***** Given data

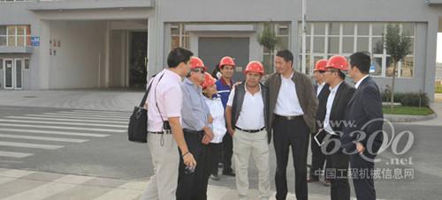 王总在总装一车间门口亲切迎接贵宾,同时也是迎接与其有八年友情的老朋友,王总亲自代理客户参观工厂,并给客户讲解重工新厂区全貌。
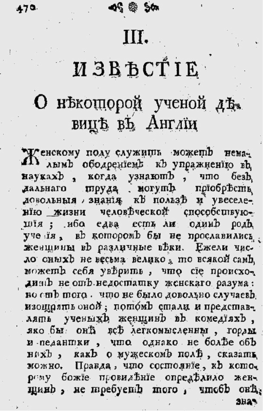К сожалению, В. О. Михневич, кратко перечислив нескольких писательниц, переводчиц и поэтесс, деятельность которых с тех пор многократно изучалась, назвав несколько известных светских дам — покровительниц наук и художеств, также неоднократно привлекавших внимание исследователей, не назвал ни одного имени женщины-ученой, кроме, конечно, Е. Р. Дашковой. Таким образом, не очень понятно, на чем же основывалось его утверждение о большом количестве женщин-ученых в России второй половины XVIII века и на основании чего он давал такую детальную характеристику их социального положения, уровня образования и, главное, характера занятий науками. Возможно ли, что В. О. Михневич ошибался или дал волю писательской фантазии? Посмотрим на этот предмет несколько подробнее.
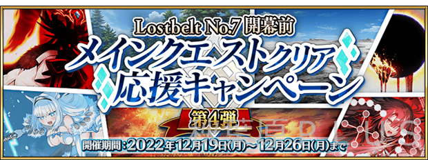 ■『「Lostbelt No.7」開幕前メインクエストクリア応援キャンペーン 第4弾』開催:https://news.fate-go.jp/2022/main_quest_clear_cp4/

**********
***** Given data

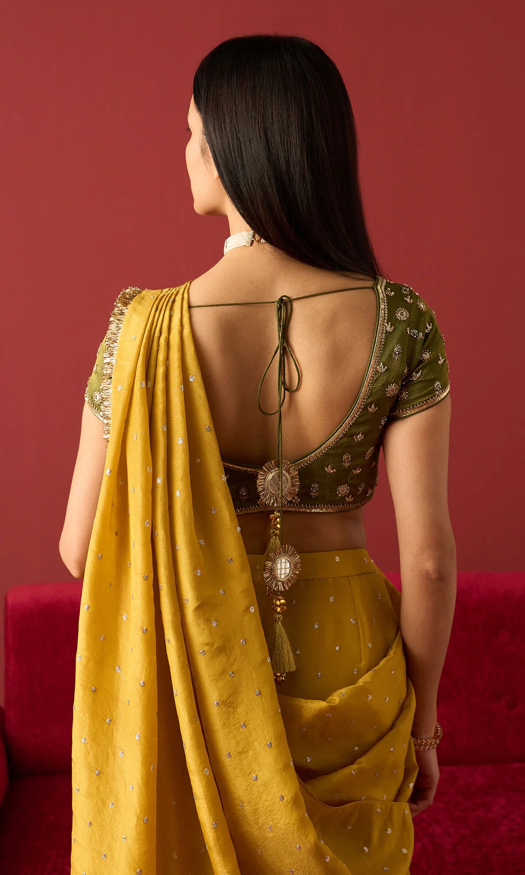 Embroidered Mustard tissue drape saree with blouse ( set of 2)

**********
***** Given data

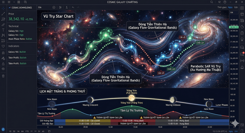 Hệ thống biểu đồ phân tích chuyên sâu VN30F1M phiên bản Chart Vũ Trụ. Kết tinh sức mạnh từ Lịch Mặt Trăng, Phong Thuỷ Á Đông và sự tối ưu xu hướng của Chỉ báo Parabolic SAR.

**********

— Exercise objective —
In the listing above, find the line with "王总在总装一车间门口亲切迎接" and output it and every line after it up to and including the line with "К сожалению, В.", exactly, minus the pictures.

— Solution for this exercise —
 王总在总装一车间门口亲切迎接贵宾,同时也是迎接与其有八年友情的老朋友,王总亲自代理客户参观工厂,并给客户讲解重工新厂区全貌。
К сожалению, В. О. Михневич, кратко перечислив нескольких писательниц, переводчиц и поэтесс, деятельность которых с тех пор многократно изучалась, назвав несколько известных светских дам — покровительниц наук и художеств, также неоднократно привлекавших внимание исследователей, не назвал ни одного имени женщины-ученой, кроме, конечно, Е. Р. Дашковой. Таким образом, не очень понятно, на чем же основывалось его утверждение о большом количестве женщин-ученых в России второй половины XVIII века и на основании чего он давал такую детальную характеристику их социального положения, уровня образования и, главное, характера занятий науками. Возможно ли, что В. О. Михневич ошибался или дал волю писательской фантазии? Посмотрим на этот предмет несколько подробнее.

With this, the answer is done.